Voguons vers l’Île d’Elbe – Journal de bord #1

Voguons vers l’Île d’Elbe – Journal de bord #1

Après une semaine terrestre en Corse, nous avons débuté notre périple maritime à bord d’Isaniyo (que nous vous présenterons rapidement dans un autre article), direction l’Île d’Elbe. Notre objectif, rallier la Grèce à la voile, en longeant l’Italie en passant par des lieux mythiques comme Rome, Pompéi, les Îles Éoliennes, le détroit de Messine… Une belle aventure pour cette première partie d’année sabbatique.

Voilier arrivant à l'ile d'Elbe, avec un cactus en premier plan

Avant de prendre le large, une petite présentation de l’équipage s’impose.
Le capitaine c’est mon père, ancien équipier de courses au large sur de grands multicoques et une vie tournée vers la mer. Autant dire que son expérience sera très utile pour que la navigation se passe bien.
Il est assisté de ma mère, spécialiste de la météo, de la préparation de l’itinéraire et du choix des ports et zones de mouillage où nous irons.
Ensuite il y a les deux mousses, Roxane et moi. Je connais un petit peu plus la mer qu’elle, pour autant c’est une première longue navigation qui va débuter pour nous deux.


Marciana Marina

34nm – 8 heures – 4,2kt vitesse moyenne

Nous sommes partis de Bastia le 16 mai, direction Marciana Marina, notre première étape sur l’Île d’Elbe. Nous avions une grosse trentaine de milles nautiques à parcourir. Soit une distance pas insurmontable pour notre équipage, même pour les novices.

Bon à savoir :
Les unités utilisées dans le domaine de la navigation (maritime et aérienne) sont un peu différentes de celles dont nous avons l’habitude.

1 mille nautique (nm) = 1,852 km (unité de distance)
1 noeud (kt) = 1,852 km/h (unité de vitesse)


Cependant, la durée de la journée et l’état de la mer ne m’aura pas épargné… Un ciel gris et très bas, des vagues de face pendant plusieurs heures, il n’en fallait pas plus pour me déclencher un mal de mer carabiné. Je ne vais pas vous faire un dessin, mais ce n’était pas joli à voir. Je crois que je ne m’étais jamais trouvé aussi mal à bord d’un bateau. Sans doute que la transition d’une semaine très terrienne à une étape maritime fut trop brusque pour mon oreille interne. Roxane a mieux tenu le coup, grâce, peut-être à des lunettes un peu spéciales que nous vous présenterons rapidement.

L’arrivée à Marciana Marina fut salvatrice, un joli port, un village typique bordant l’eau, et surtout… les premières glaces d’Italie. Nous avions presque oublié la générosité des Italiens quant au remplissage de cornet. De quoi me remettre rapidement d’aplomb.

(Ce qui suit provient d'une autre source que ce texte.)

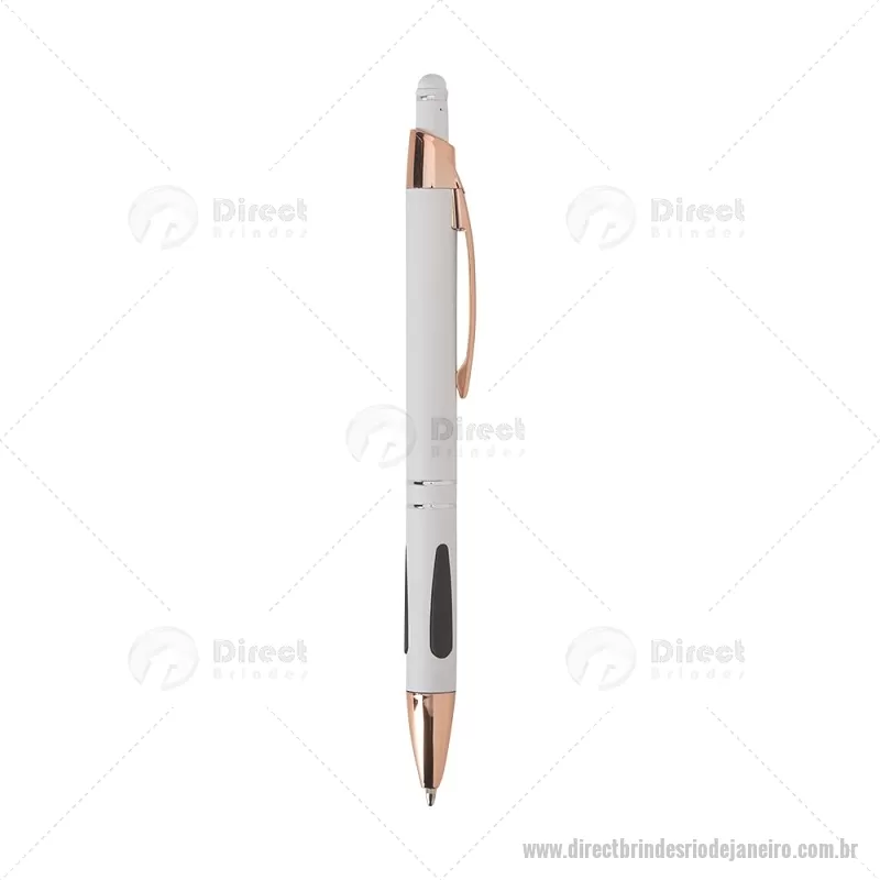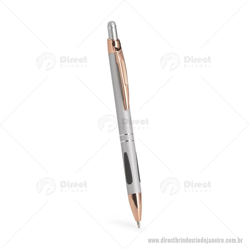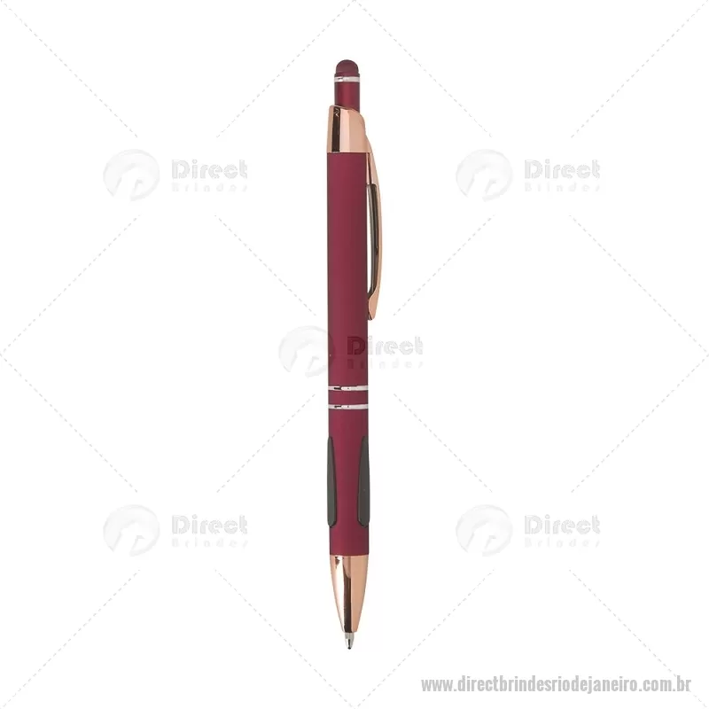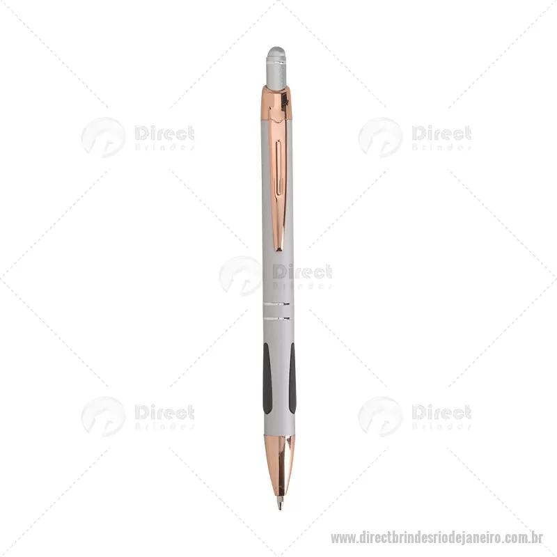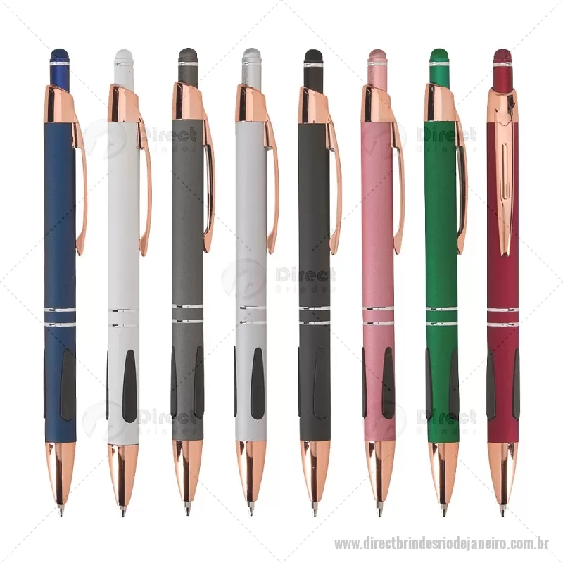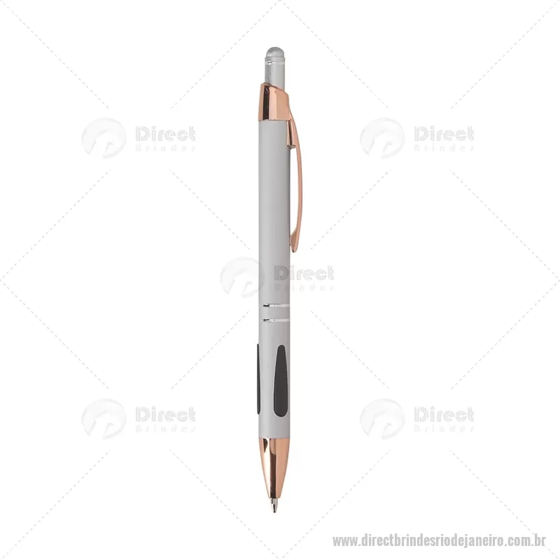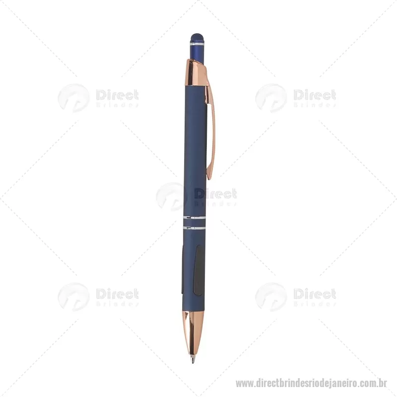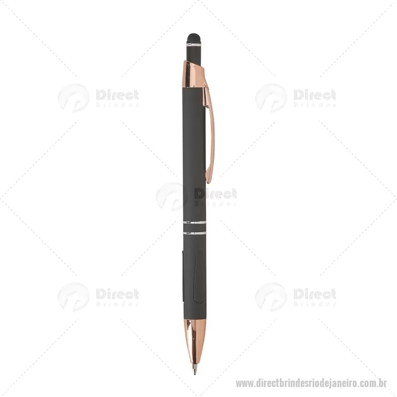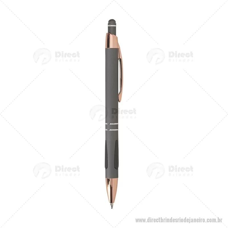 Caneta em metal com detalhes emborrachados, carga esferográfica azul 1,0 mm e acionamento por clique. Possui ponta touch emborrachada para uso em telas sensíveis ao toque, unindo escrita e praticidade em um só item. - - DRTJJCMT295

Nous sommes restés deux jours dans le coin à cause d’un fort coup de vent qui ne nous permettait pas de mettre les voiles. Le temps pour nous de préparer la suite, de visiter les alentours, et de s’imprégner de la Dolce Vita italienne. Et quoi de mieux qu’un restaurant en terrasse pour oublier le Covid et les tests PCR obligatoires pour arriver en Italie ? Plus de 6 mois que nous attendions ce moment…

Port de Marciana Marina depuis les hauteurs
Petite plage de Marciana Marina

Porto Azzuro

27nm – 6 heures 30 – 4,3kt vitesse moyenne

Nous avons quitté la douceur de Marciana Marina avec le sentiment que l’Île d’Elbe nous avait bien accueillis. L’étape suivante nous dirigeait vers le Sud-Est de l’île. Après une journée de vent tantôt portant, tantôt au près, l’arrivée dans l’enclave de Porto Azzurro fut des plus magnifiques. Une terre découpée par d’anciennes forteresses, un arrière-pays agricole, et une ville pleine de vie.

Porto Azzuro depuis le voilier

Nous avons rapidement pris le pli de la « glace d’arrivée », et de la balade de début de soirée pour explorer les environs. Laissant à Roxane le temps de sortir son Nikon et de nous régaler de quelques beaux clichés.

Nos premiers voisins de quai furent Suisses, Allemands ou Italiens, mais encore peu de contacts sont tissés du fait de la température encore fraîche, du peu de temps que nous restions, et d’une barrière invisible encore dressée par le Covid.

En hissant les voiles le lendemain matin, nous avions en nous, l’espoir de revenir sur cette belle île d’Elbe. Mais c’est une traversée vers l’Italie continentale qui nous attendait.